_Your instructions_
Given these entries, repeat exactly the lines starting with the one that has "Ideal for a" and going on through the one that has "Общая площадь кварти", both included, but none of the pictures.

_Extracted entries_
■ ■ ■ ■ ■

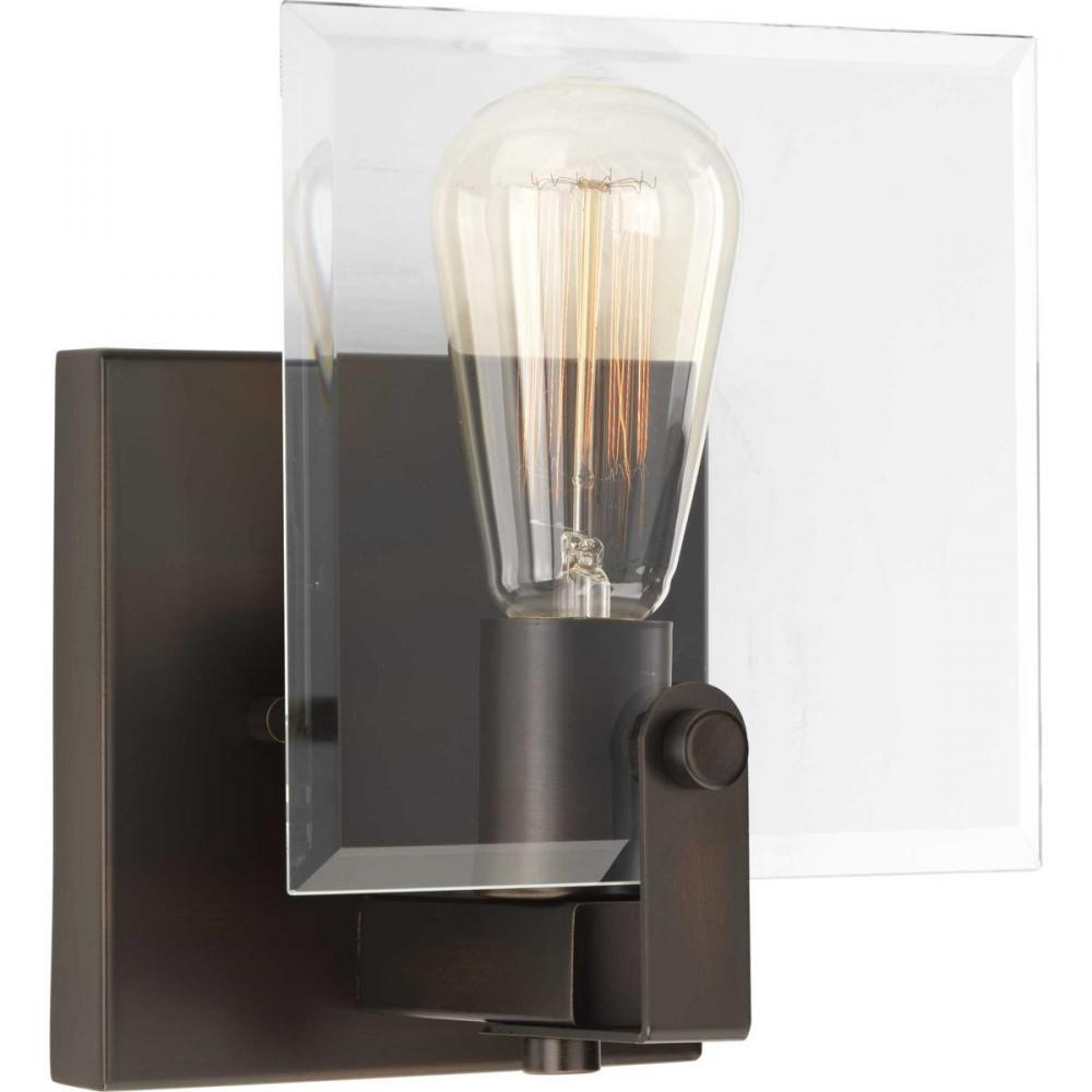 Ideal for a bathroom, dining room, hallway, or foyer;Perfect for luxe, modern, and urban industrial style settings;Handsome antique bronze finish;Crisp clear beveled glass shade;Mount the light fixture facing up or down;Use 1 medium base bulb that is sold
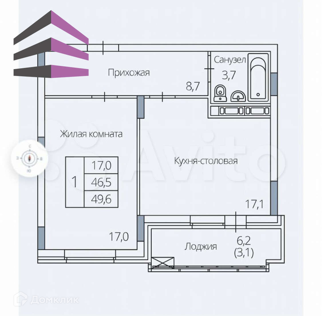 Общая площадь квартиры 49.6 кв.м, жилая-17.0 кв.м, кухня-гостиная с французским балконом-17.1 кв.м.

■ ■ ■ ■ ■

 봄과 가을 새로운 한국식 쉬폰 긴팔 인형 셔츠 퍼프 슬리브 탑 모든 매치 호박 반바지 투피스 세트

■ ■ ■ ■ ■

_Result of the task_
 Ideal for a bathroom, dining room, hallway, or foyer;Perfect for luxe, modern, and urban industrial style settings;Handsome antique bronze finish;Crisp clear beveled glass shade;Mount the light fixture facing up or down;Use 1 medium base bulb that is sold
 Общая площадь квартиры 49.6 кв.м, жилая-17.0 кв.м, кухня-гостиная с французским балконом-17.1 кв.м.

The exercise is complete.